In November, 1940, Phil was called to active duty and assigned as a flight instructor at Anacostia Naval Reserve Air Base.  On July 24, 1941, while on a training flight, he and his student crashed to their deaths.  Phil was survived by his wife, Margaret Clark Dalton.  Just prior to his death, Phil had been studying dive bombing ballistics and sighting devices.
 


AWARD OF INSPIRATION — Carolyn Grangaard SmithCarolyn Smith

I was born and raised in Wisconsin.  I attended the University of Wisconsin-Eau Claire and received my BA in history.  I then attended the University of Wisconsin-Madison and received my MA in library science.  In pursuit of my first professional position as a librarian, I moved to Nevada where I met my husband Larry.  And, earned my private pilot certificate.

My husband’s career in the military and the FAA has moved us around a lot in our life.  We’ve lived in a total of seven states.  Our daughter Erin was born in Illinois but grew up in Virginia and Pennsylvania.  She now is finishing her junior year at Mary Baldwin College in Virginia.  But because of all these moves, I’ve had the good fortune to work in a wide variety of public, agricultural, and historical libraries.  But probably the two jobs closest to my heart were my position as librarian for the Aircraft Owners and Pilots Association (AOPA) for 6 years and my current job as librarian of the FAA Mike Monroney Aeronautical Center Library in Oklahoma City.

Through most of these moves, I’ve managed to keep flying.  While with AOPA, I earned my seaplane rating and also flew my first Air Race Classic in 2003 with another pilot from AOPA.  It was the Centennial of Flight and our final fly-by was past the Wright Memorial at First Flight…what a thrill!  I flew the Air Race Classic again in 200 6 and plan on flying as many more as I can manage.

I joined The 99s when I lived on the East Coast and when my husband’s career with the FAA brought us to Oklahoma City, I was recruited as a volunteer at the 99s Museum of Women Pilots by Margie Richison.  Thinking that my background in library science and work in historical and aviation libraries may be of use, I said “Of course.”  I’ve volunteered at the Museum since 2003 and am currently serving my 2nd term on its Board of Trustees.  It’s been a great experience and I have seen many changes to the Museum, all of them designed to better tell the fascinating history of women pilots. 

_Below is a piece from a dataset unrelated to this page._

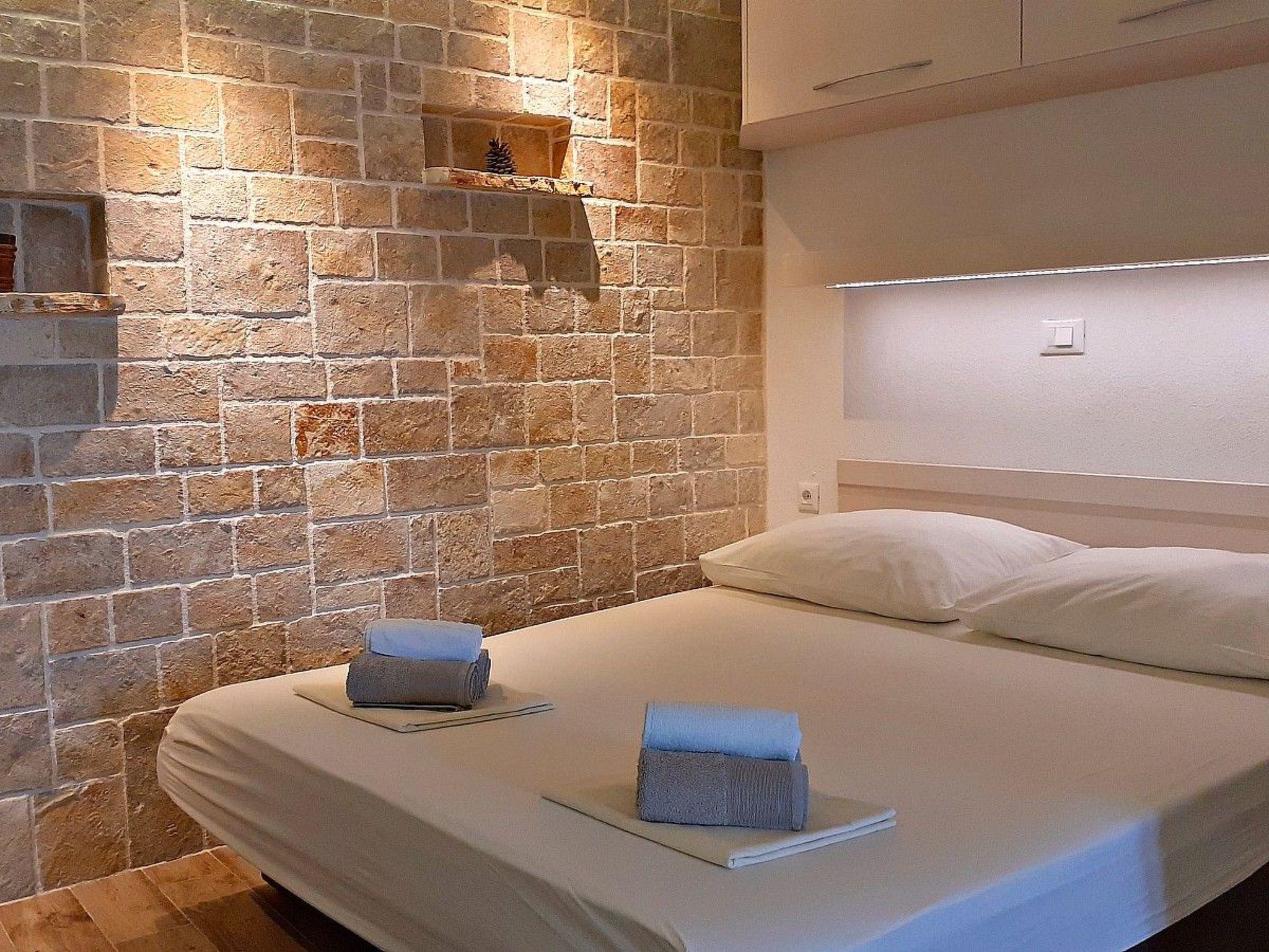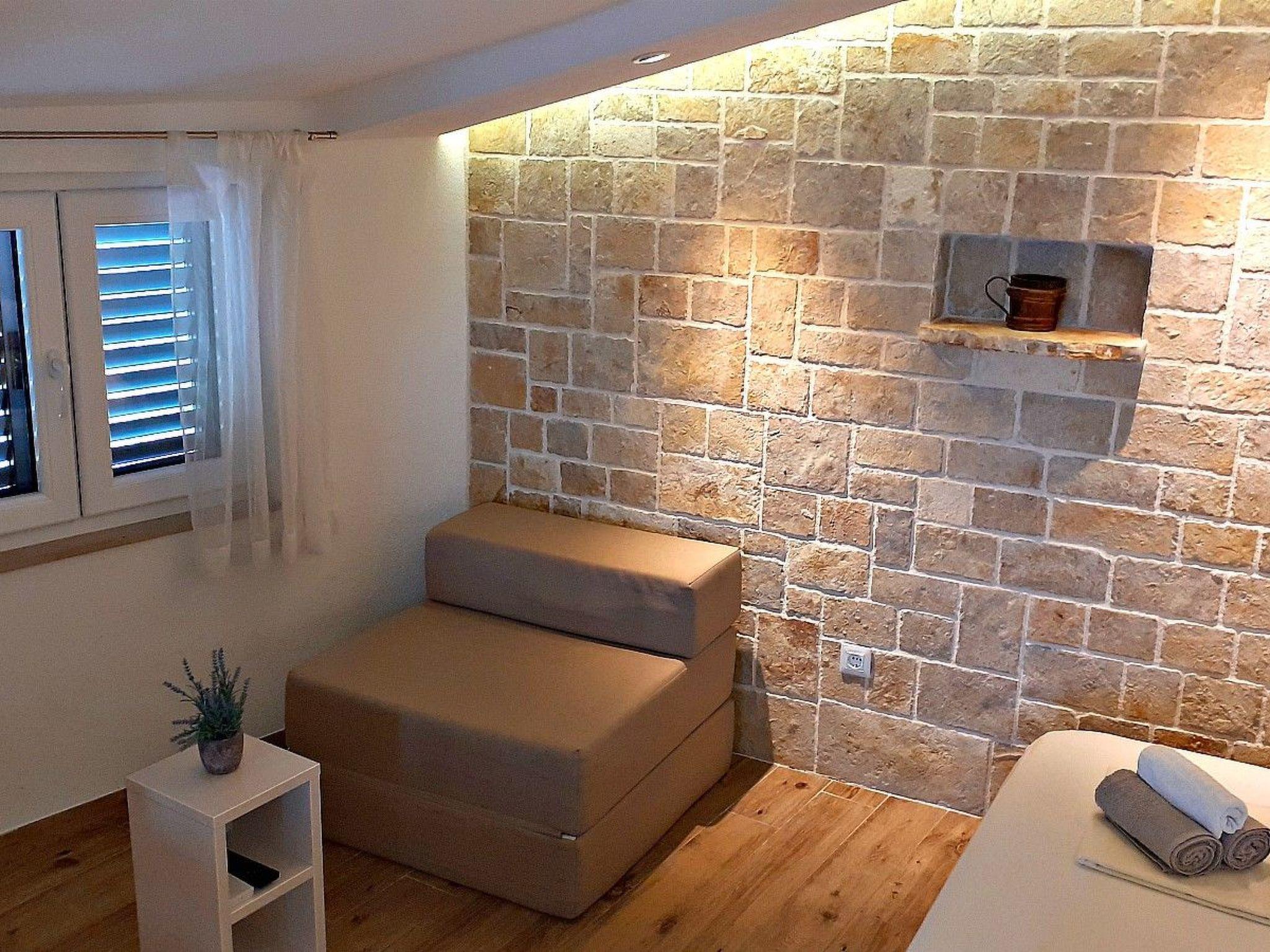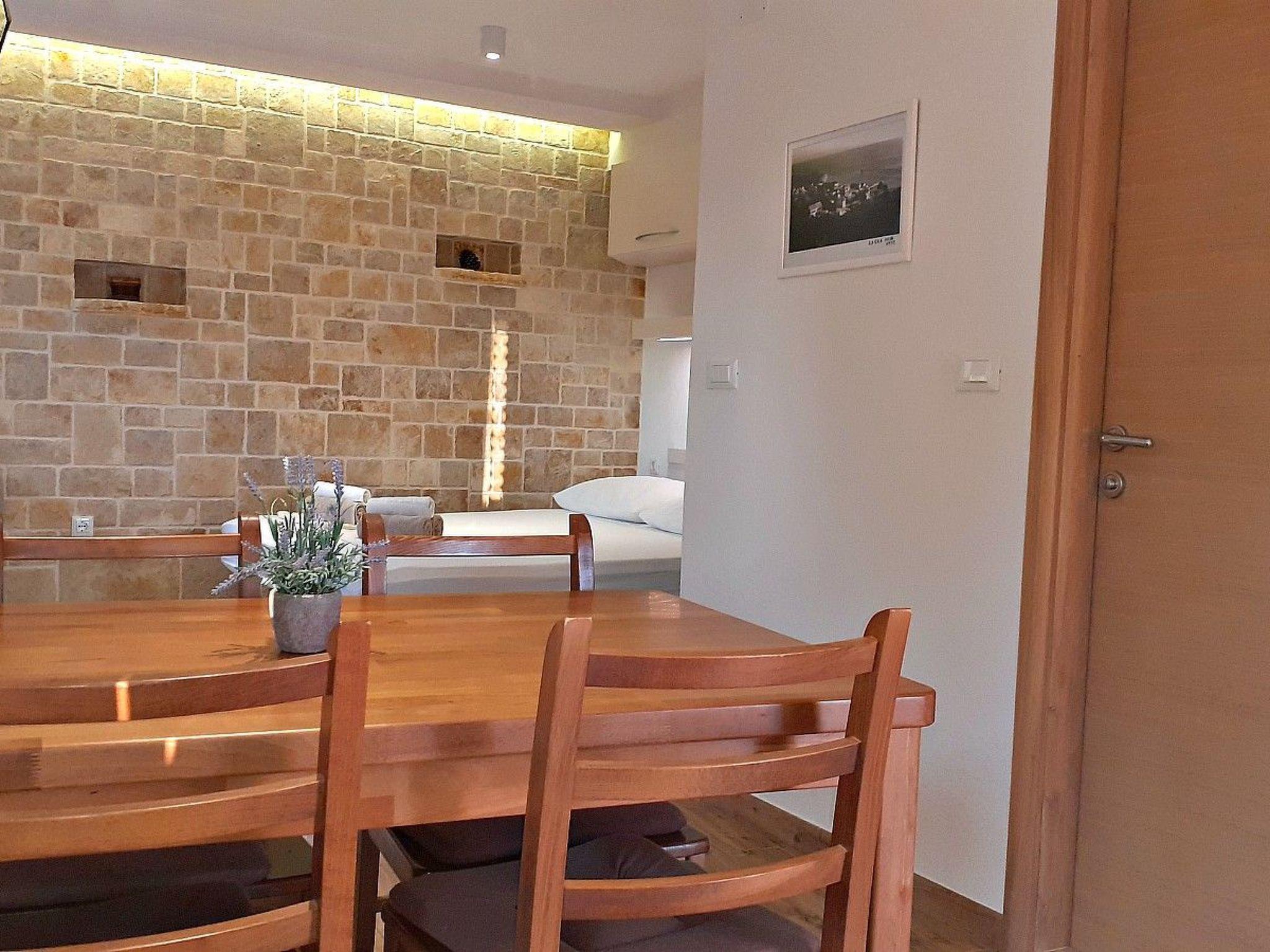 The deluxe studio is on the second floor of the stone house Bonaca, suitable for 2-3 people, with a double bed and a sofa bed for one person. It has a kitchen, a dining space, a bathroom with a bath, Wi-Fi, satellite TV and air conditioning.

AWARD OF ACHIEVEMENT CONTRIBUTION HUMANITARIAN EFFORTS  — Dr. Anne Spoerry Dr. Anne Spoerry
 
At the outset of World War II, Dr. Anne Spoerry was a medical resident at a Paris hospital.  She joined the French  Resistance only to be captured by the occupying Germans.  Two years of imprisonment at the Ravensbruck concentration camp left her with a need to rediscover herself and heal her soul.  Earning a diploma in tropical medicine, she set out for Africa in 1948.  This was the beginning of an amazing career of humanitarian service.  

Female bush doctors were rare in those days; Anne had to struggle for acceptance.  She became more effective by learning to fly.  Initially delivering medical supplies, she soon established a caseload of thousands of patients throughout northern Kenya. The many communities she served cut and cleared airstrips for her.

Although Anne joined the African Medical and Research Foundation and directed  a Mobile Medical Unit, her doctoring remained personal and local.  In many areas the sole MD, she often supported her clinics with her own funds.  As a rule, she examined patients right at the airstrip in the shade of her plane’s wing.  As well as treating specific ailments, Anne did much to educate the local people, focusing heavily on prevention of disease.  Hygiene and vaccination were especially important to her.  Mother and child care were an important specialty.  

 Dr. Anne Spoerry  passed away in1999 at the age of 80.  She is remembered as a courageous champion of humanitarianism in Africa, in the world medical profession, and in the aviation world. Her spirit lives on through the Anne Spoerry Sailing Doctors at www.sailingdoctors.org.